(Raw data)

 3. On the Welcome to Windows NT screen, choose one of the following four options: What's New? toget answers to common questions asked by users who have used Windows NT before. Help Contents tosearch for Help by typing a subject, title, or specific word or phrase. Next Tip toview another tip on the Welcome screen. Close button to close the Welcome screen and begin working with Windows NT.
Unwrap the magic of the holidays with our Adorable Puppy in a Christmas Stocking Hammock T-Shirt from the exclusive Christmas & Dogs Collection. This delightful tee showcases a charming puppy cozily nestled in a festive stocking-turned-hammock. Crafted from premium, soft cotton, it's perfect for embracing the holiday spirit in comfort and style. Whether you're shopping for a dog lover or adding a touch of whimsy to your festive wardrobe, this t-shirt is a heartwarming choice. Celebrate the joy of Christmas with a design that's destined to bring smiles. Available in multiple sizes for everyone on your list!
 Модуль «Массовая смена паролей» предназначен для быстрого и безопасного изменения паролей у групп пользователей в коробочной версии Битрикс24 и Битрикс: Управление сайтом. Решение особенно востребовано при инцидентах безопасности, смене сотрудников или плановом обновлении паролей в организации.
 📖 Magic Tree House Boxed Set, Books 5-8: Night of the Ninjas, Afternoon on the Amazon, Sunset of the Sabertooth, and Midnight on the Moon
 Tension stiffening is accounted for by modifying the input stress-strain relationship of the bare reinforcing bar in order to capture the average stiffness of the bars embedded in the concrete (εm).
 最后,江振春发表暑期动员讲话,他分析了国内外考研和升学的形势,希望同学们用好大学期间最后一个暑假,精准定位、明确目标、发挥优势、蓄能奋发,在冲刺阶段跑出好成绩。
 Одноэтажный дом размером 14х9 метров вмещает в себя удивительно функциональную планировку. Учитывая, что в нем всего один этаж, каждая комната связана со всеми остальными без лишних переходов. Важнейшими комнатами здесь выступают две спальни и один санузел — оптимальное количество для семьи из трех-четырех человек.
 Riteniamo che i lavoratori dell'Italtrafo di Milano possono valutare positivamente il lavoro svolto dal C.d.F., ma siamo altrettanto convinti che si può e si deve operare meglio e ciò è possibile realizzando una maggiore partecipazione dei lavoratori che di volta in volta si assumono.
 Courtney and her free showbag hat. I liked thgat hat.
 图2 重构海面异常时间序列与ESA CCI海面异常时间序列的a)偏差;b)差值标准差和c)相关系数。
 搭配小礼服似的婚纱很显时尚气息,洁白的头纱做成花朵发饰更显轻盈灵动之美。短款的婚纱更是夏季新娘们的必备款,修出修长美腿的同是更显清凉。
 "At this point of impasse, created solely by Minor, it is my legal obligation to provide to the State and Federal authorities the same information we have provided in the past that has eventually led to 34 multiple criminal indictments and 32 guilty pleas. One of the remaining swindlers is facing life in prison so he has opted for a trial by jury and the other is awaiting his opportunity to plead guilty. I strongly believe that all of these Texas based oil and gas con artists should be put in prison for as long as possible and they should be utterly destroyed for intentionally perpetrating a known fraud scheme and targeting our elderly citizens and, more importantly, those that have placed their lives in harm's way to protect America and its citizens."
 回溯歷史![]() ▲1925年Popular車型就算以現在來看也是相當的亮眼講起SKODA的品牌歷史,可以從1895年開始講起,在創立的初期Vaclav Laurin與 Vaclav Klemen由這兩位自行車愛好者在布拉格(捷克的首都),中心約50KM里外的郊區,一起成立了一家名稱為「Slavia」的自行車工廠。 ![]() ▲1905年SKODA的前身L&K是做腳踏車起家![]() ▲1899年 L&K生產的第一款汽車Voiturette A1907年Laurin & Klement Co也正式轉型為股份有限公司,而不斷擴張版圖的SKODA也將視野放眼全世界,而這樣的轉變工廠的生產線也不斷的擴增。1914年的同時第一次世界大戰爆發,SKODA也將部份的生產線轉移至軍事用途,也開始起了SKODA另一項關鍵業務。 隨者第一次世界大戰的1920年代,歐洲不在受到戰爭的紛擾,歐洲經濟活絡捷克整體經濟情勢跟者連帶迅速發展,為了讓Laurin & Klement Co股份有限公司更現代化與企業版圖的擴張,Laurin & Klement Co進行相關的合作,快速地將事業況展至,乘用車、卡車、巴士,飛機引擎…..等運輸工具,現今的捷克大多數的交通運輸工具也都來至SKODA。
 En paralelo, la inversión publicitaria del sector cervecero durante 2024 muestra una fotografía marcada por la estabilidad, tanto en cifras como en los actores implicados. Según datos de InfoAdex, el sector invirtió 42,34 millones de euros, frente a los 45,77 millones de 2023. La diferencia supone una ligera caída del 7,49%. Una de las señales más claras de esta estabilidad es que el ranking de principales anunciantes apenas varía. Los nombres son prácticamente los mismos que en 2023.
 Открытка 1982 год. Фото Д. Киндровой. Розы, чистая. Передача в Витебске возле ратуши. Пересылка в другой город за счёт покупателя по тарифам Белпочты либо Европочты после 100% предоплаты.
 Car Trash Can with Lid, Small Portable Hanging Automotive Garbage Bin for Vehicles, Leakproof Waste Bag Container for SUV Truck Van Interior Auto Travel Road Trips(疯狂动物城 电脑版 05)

(End Raw data)

Work instructions: What you write must match the material above exactly and in full.

Response to this task:
 3. On the Welcome to Windows NT screen, choose one of the following four options: What's New? toget answers to common questions asked by users who have used Windows NT before. Help Contents tosearch for Help by typing a subject, title, or specific word or phrase. Next Tip toview another tip on the Welcome screen. Close button to close the Welcome screen and begin working with Windows NT.
Unwrap the magic of the holidays with our Adorable Puppy in a Christmas Stocking Hammock T-Shirt from the exclusive Christmas & Dogs Collection. This delightful tee showcases a charming puppy cozily nestled in a festive stocking-turned-hammock. Crafted from premium, soft cotton, it's perfect for embracing the holiday spirit in comfort and style. Whether you're shopping for a dog lover or adding a touch of whimsy to your festive wardrobe, this t-shirt is a heartwarming choice. Celebrate the joy of Christmas with a design that's destined to bring smiles. Available in multiple sizes for everyone on your list!
 Модуль «Массовая смена паролей» предназначен для быстрого и безопасного изменения паролей у групп пользователей в коробочной версии Битрикс24 и Битрикс: Управление сайтом. Решение особенно востребовано при инцидентах безопасности, смене сотрудников или плановом обновлении паролей в организации.
 📖 Magic Tree House Boxed Set, Books 5-8: Night of the Ninjas, Afternoon on the Amazon, Sunset of the Sabertooth, and Midnight on the Moon
 Tension stiffening is accounted for by modifying the input stress-strain relationship of the bare reinforcing bar in order to capture the average stiffness of the bars embedded in the concrete (εm).
 最后,江振春发表暑期动员讲话,他分析了国内外考研和升学的形势,希望同学们用好大学期间最后一个暑假,精准定位、明确目标、发挥优势、蓄能奋发,在冲刺阶段跑出好成绩。
 Одноэтажный дом размером 14х9 метров вмещает в себя удивительно функциональную планировку. Учитывая, что в нем всего один этаж, каждая комната связана со всеми остальными без лишних переходов. Важнейшими комнатами здесь выступают две спальни и один санузел — оптимальное количество для семьи из трех-четырех человек.
 Riteniamo che i lavoratori dell'Italtrafo di Milano possono valutare positivamente il lavoro svolto dal C.d.F., ma siamo altrettanto convinti che si può e si deve operare meglio e ciò è possibile realizzando una maggiore partecipazione dei lavoratori che di volta in volta si assumono.
 Courtney and her free showbag hat. I liked thgat hat.
 图2 重构海面异常时间序列与ESA CCI海面异常时间序列的a)偏差;b)差值标准差和c)相关系数。
 搭配小礼服似的婚纱很显时尚气息,洁白的头纱做成花朵发饰更显轻盈灵动之美。短款的婚纱更是夏季新娘们的必备款,修出修长美腿的同是更显清凉。
 "At this point of impasse, created solely by Minor, it is my legal obligation to provide to the State and Federal authorities the same information we have provided in the past that has eventually led to 34 multiple criminal indictments and 32 guilty pleas. One of the remaining swindlers is facing life in prison so he has opted for a trial by jury and the other is awaiting his opportunity to plead guilty. I strongly believe that all of these Texas based oil and gas con artists should be put in prison for as long as possible and they should be utterly destroyed for intentionally perpetrating a known fraud scheme and targeting our elderly citizens and, more importantly, those that have placed their lives in harm's way to protect America and its citizens."
 回溯歷史![]() ▲1925年Popular車型就算以現在來看也是相當的亮眼講起SKODA的品牌歷史,可以從1895年開始講起,在創立的初期Vaclav Laurin與 Vaclav Klemen由這兩位自行車愛好者在布拉格(捷克的首都),中心約50KM里外的郊區,一起成立了一家名稱為「Slavia」的自行車工廠。 ![]() ▲1905年SKODA的前身L&K是做腳踏車起家![]() ▲1899年 L&K生產的第一款汽車Voiturette A1907年Laurin & Klement Co也正式轉型為股份有限公司,而不斷擴張版圖的SKODA也將視野放眼全世界,而這樣的轉變工廠的生產線也不斷的擴增。1914年的同時第一次世界大戰爆發,SKODA也將部份的生產線轉移至軍事用途,也開始起了SKODA另一項關鍵業務。 隨者第一次世界大戰的1920年代,歐洲不在受到戰爭的紛擾,歐洲經濟活絡捷克整體經濟情勢跟者連帶迅速發展,為了讓Laurin & Klement Co股份有限公司更現代化與企業版圖的擴張,Laurin & Klement Co進行相關的合作,快速地將事業況展至,乘用車、卡車、巴士,飛機引擎…..等運輸工具,現今的捷克大多數的交通運輸工具也都來至SKODA。
 En paralelo, la inversión publicitaria del sector cervecero durante 2024 muestra una fotografía marcada por la estabilidad, tanto en cifras como en los actores implicados. Según datos de InfoAdex, el sector invirtió 42,34 millones de euros, frente a los 45,77 millones de 2023. La diferencia supone una ligera caída del 7,49%. Una de las señales más claras de esta estabilidad es que el ranking de principales anunciantes apenas varía. Los nombres son prácticamente los mismos que en 2023.
 Открытка 1982 год. Фото Д. Киндровой. Розы, чистая. Передача в Витебске возле ратуши. Пересылка в другой город за счёт покупателя по тарифам Белпочты либо Европочты после 100% предоплаты.
 Car Trash Can with Lid, Small Portable Hanging Automotive Garbage Bin for Vehicles, Leakproof Waste Bag Container for SUV Truck Van Interior Auto Travel Road Trips(疯狂动物城 电脑版 05)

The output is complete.